Any bare wisp of an idea pulls me from a thought-intensive task.

Is there a book I’ve not read? Let me order it right now, in the middle of this sentence.

I am easily distracted.

I am not alone in this.

I recently had the distinct joy of slowly reading Distraction by Damon Young.  I followed Mortimer Adler’s advice in his lovely How To Read a Book (I should reread that—let me order it right now), which often leads to relaxed hours of thoughtful graffiti in a bound book.

I’ve written about Mr. Young’s book before, like here and here. But now that I’ve gone through it a second time, made annotations, outlined his argument, tweeted the author (twice) (now thrice), ordered half a dozen of his suggested books and quibbled about and finally recommended it to friends and family, I need to look at my own patterns of distraction before disengaging from the book’s orbit.

First:  Mr. Young did a good job explaining why it is we are easily distracted and, in fact, why seek out distractions. The short answer is that we seem to recoil from our life purpose. As free people we choose where we spend our time (or at least how we spend our otium). We can spend it sorting out our life purpose. Or not. But we have to know our life purpose. And that takes work, which is why distractions are often so preferred to focus.

The longer answer is to look at the smart and thoughtful writers, poets and artists Mr. Young researched to see how they were distracted and how they attempted to focus. His stories brought to life Heidegger, T.S. Eliot, Nietzsche, Matisse and Henry James and many others (especially Plato). That’s why Distraction is fun to read (are stories always magnetic?)

Second: toward the end, Mr. Young cites the notion of gratefulness. That set me to wondering whether thanks needs a being at the other end. Young, a [critical but] sympathetic atheist, pointed to giving thanks as a primary building block for the undistracted life. But not the thanks of the poor to the benefactor for relief from a low condition. Instead:

…there is a primordial, anonymous gratitude, not to a patron or a savior but for the simple fact of existence itself. If we cannot choose our birth, or vault the impermeable barriers of place and time, we can still warm to the existential endeavor; we can smile at the opportunity to live, instead of flinching or close our eyes.

Thanks, for Mr. Young, is a bold “Yes!” to all the stuff of life:

But at its most profound, this is a simple, primal yes: to the attempt, the aspiration, the lurch towards freedom. To seek emancipation from distraction is to accept this ambivalent liberty – an unspoken, unrepentant thank you for the adventure of becoming. (160)

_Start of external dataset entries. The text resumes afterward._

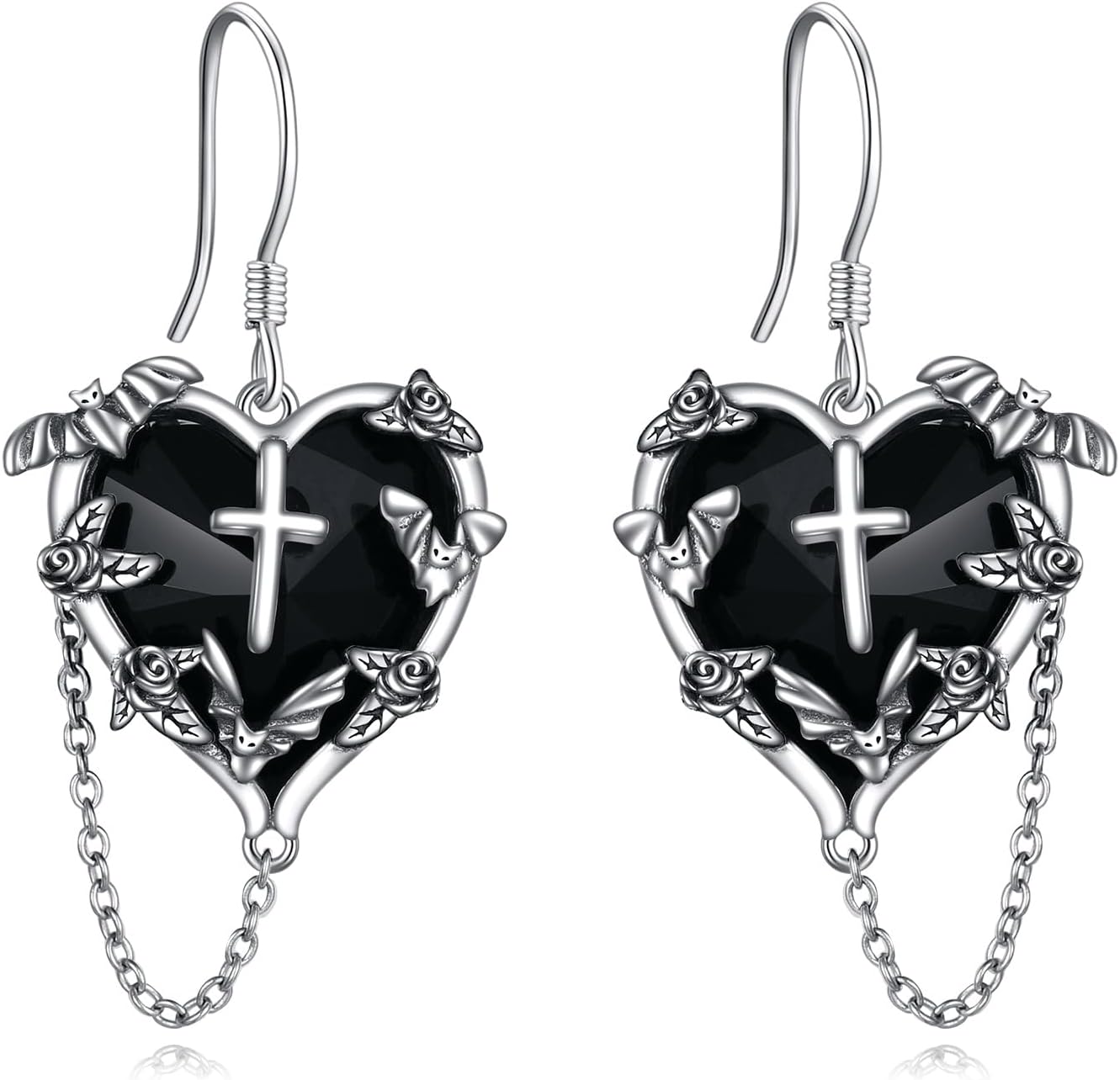 Halloween Earrings for Women 925 Sterling Silver Pumpkin Bat Black Cat Cross Dangle Earrings Hypoallergenic Halloween Jewelry Gifts for Her
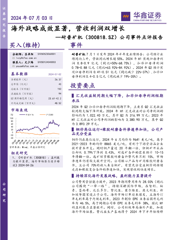 华鑫证券:耐普矿机(300818)-公司事件点评报告:海外战略成效显著,营收利润双增长.pdf
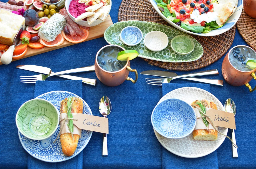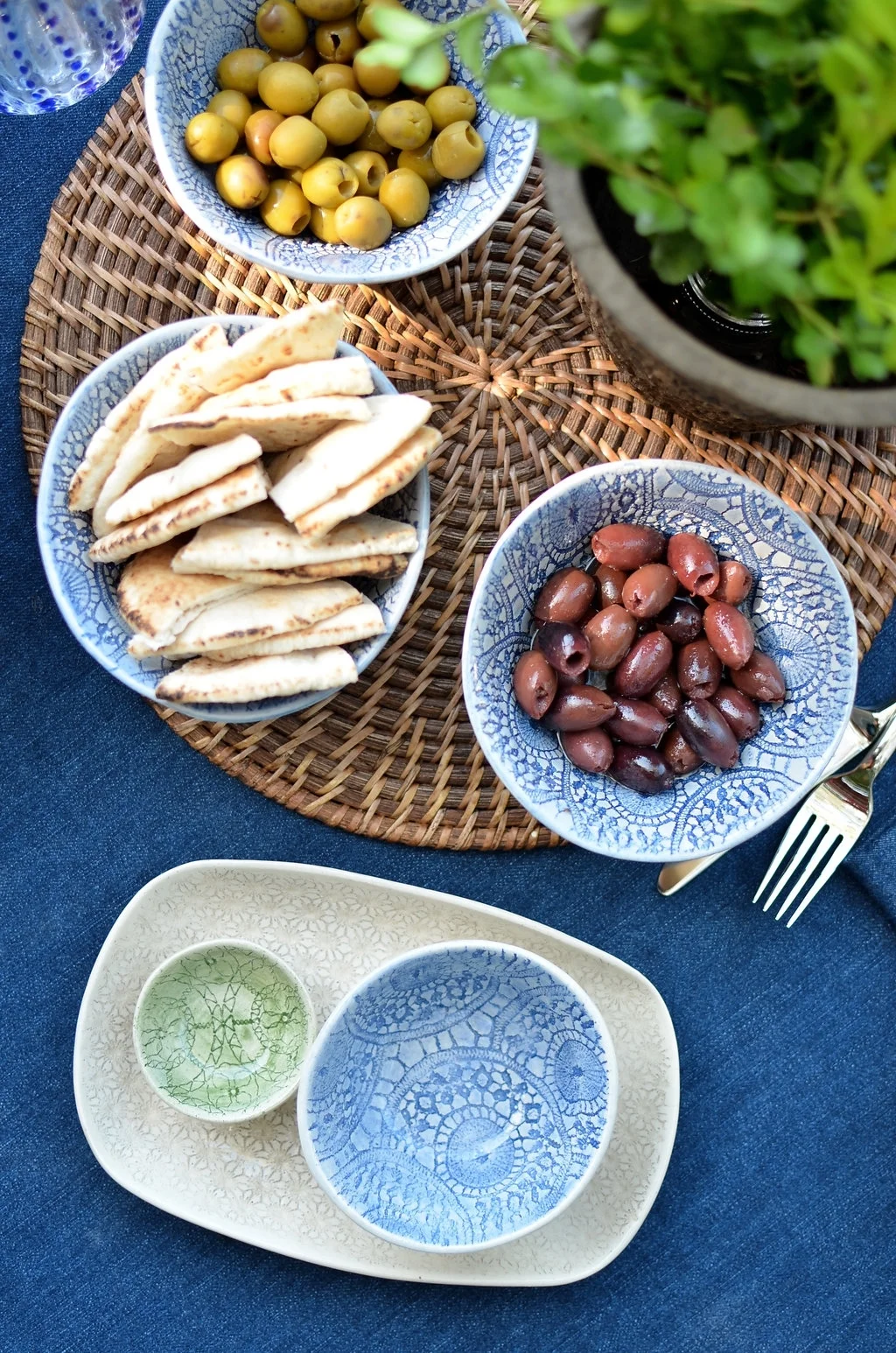While there's endless ways you can arrange Wonki Ware on the table to serve Tapas, I'm always about creating an atmosphere for good conversations and meeting new people at any get together, so I tend to set my tables with placesettings for a more intimate, up front and personal afternoon or evening. There's just some magic that happens sitting at a table and breaking bread together.
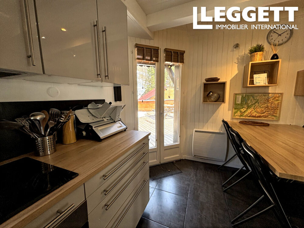 La cuisine est un espace remarquable : portes-fenêtres ouvrant sur la terrasse, très lumineuse, avec des rangements modernes et élégants, et ouverte sur le salon et la salle à manger.
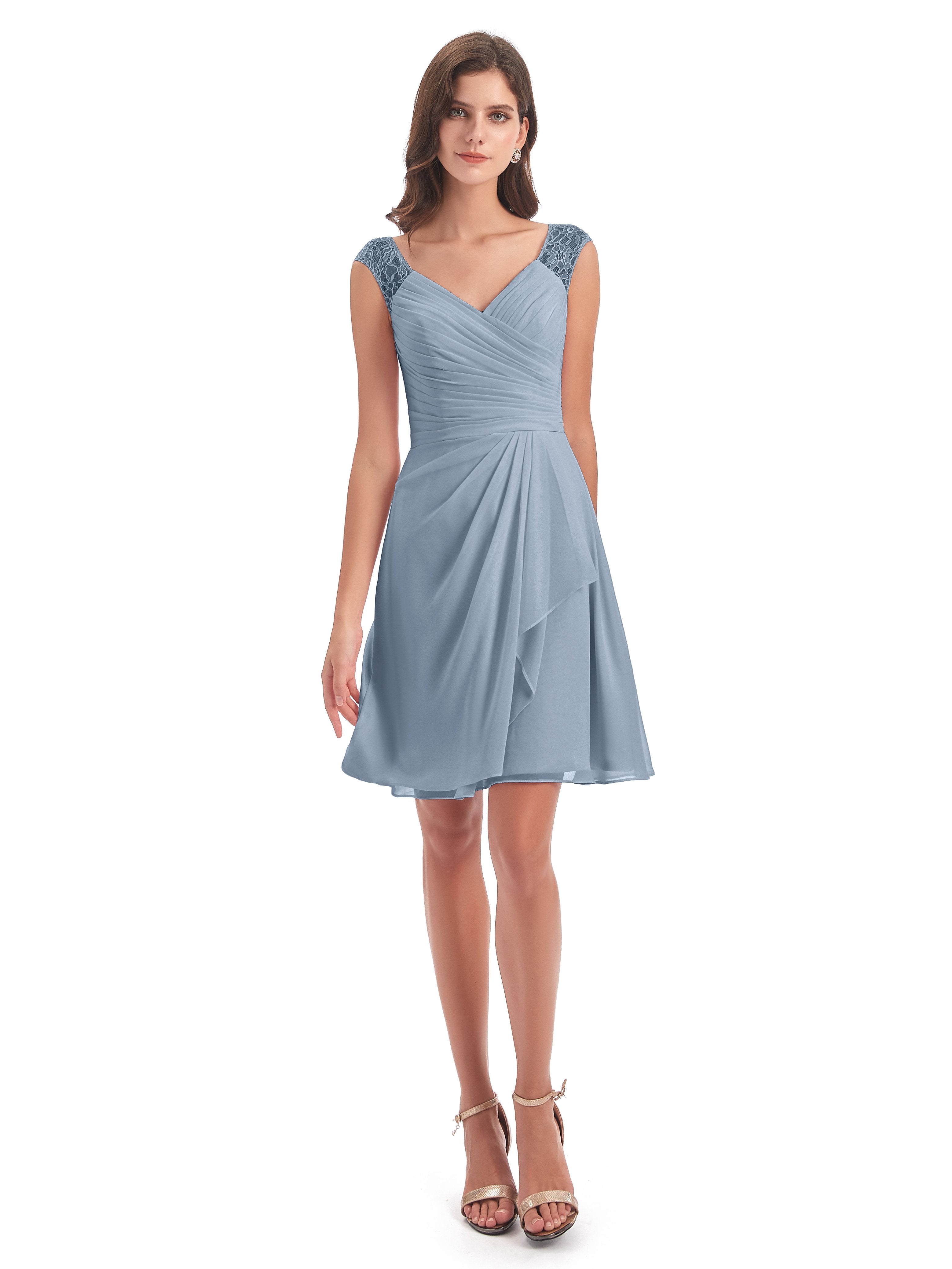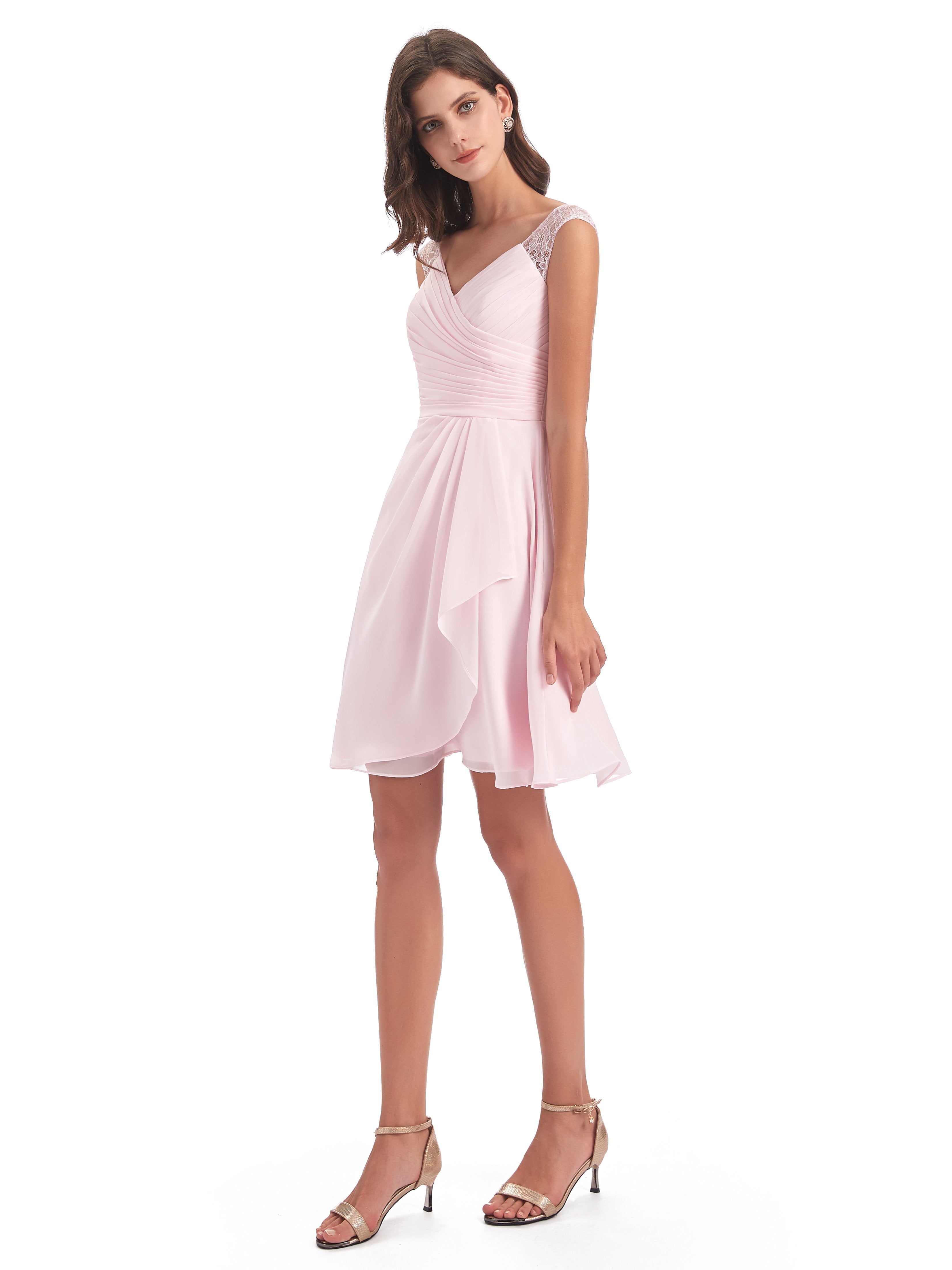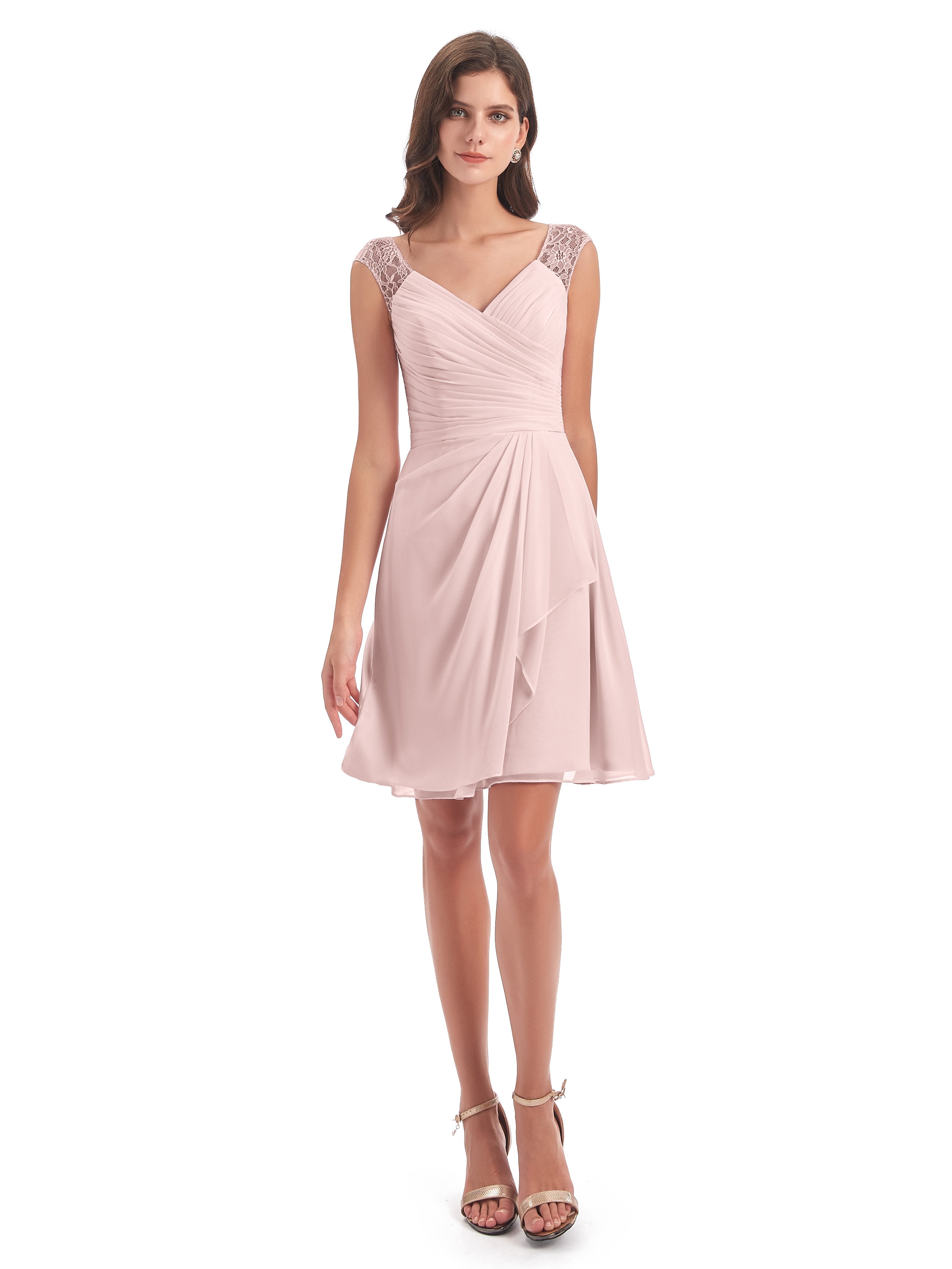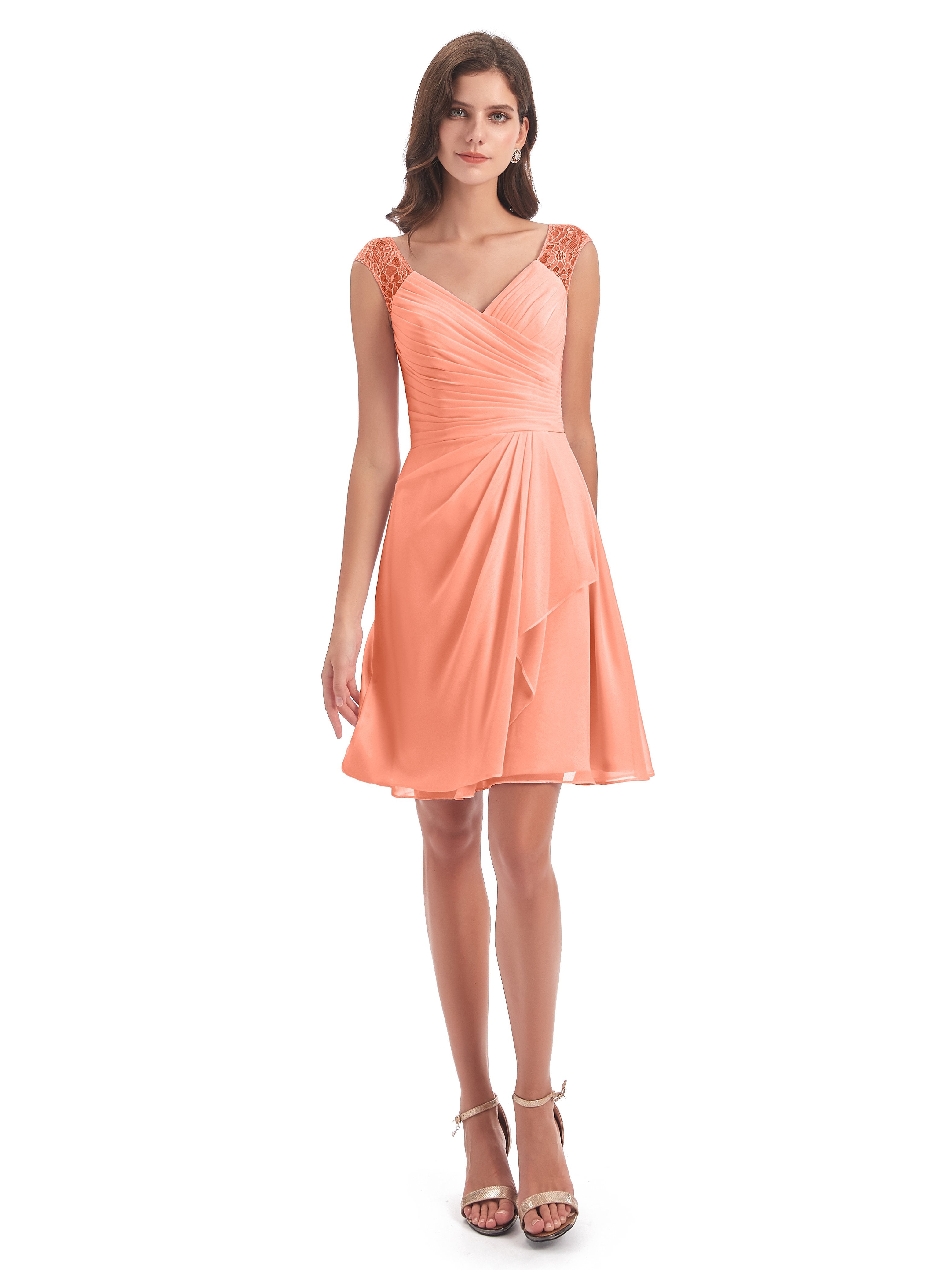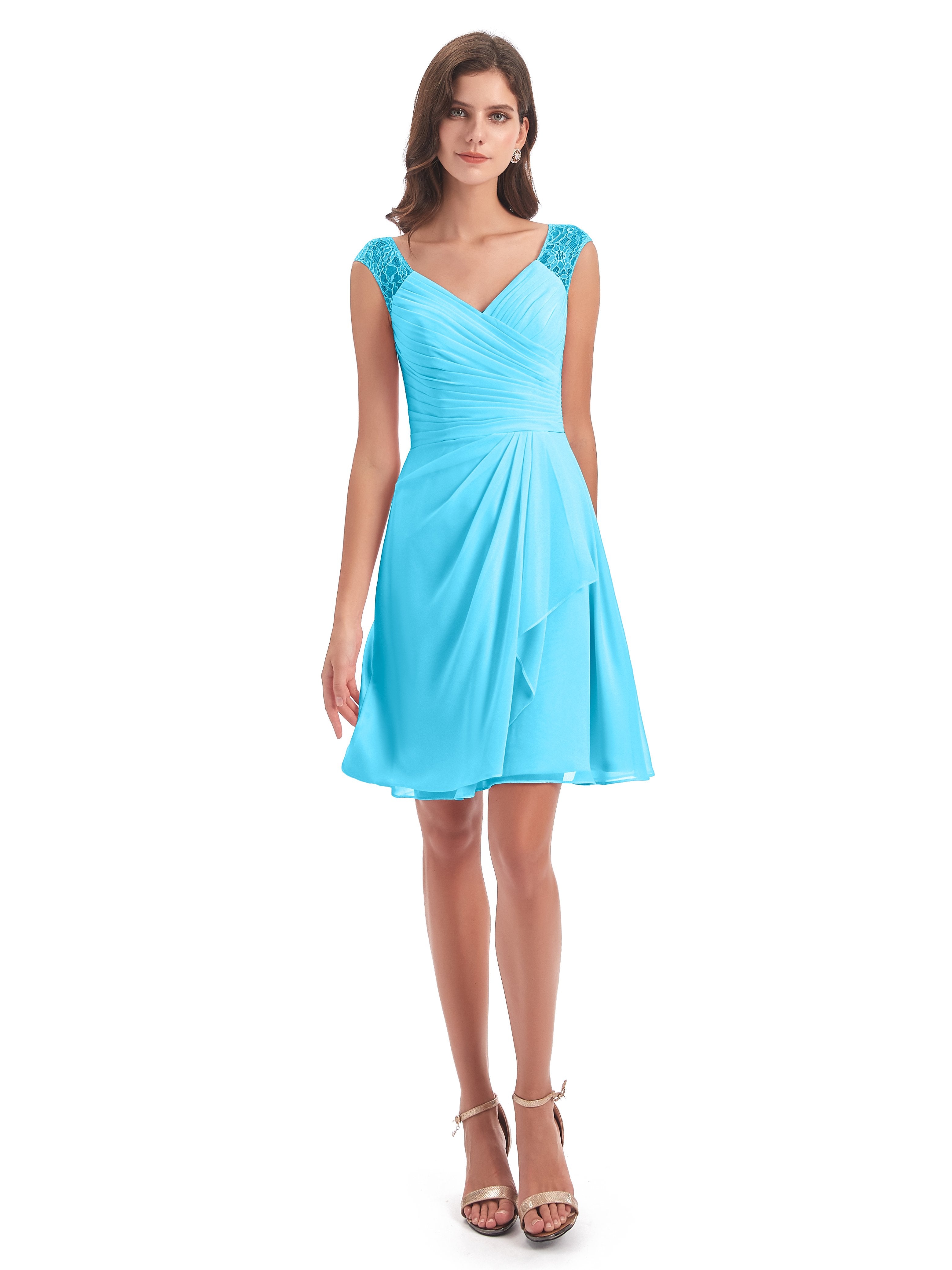 Zendaya A-Linie Knielange V-Ausschnitt Spitze/Chiffon Kurze Brautjungfernkleider
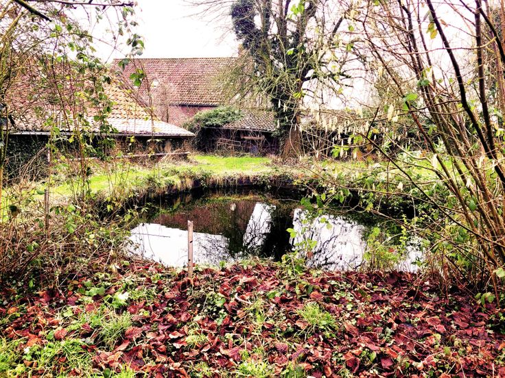 In de tuin is een grote vijver, met daarrond veel fruitbomen.

But is there such a thing as “anonymous gratitude”?09032013-9781844652549_p0_v2_s260x420

Maybe: friends have thanked the universe for bestowing good fortune on them. And certainly developing a generally grateful attitude to the stuff of life makes rational sense. But for me “thanks” minus the Almighty is like leaving Minneapolis intending to drive to Des Moines but finding yourself living for decades in Ankeny without ever having reached Des Moines (surely you know the splendors of Des Moines, Iowa).

But that’s just me. I greatly respect Mr. Young’s marvelous book and I agree that thankfulness opens the quintessential way of living. Thankfulness puts all other things in perspective, which is the essence of focus.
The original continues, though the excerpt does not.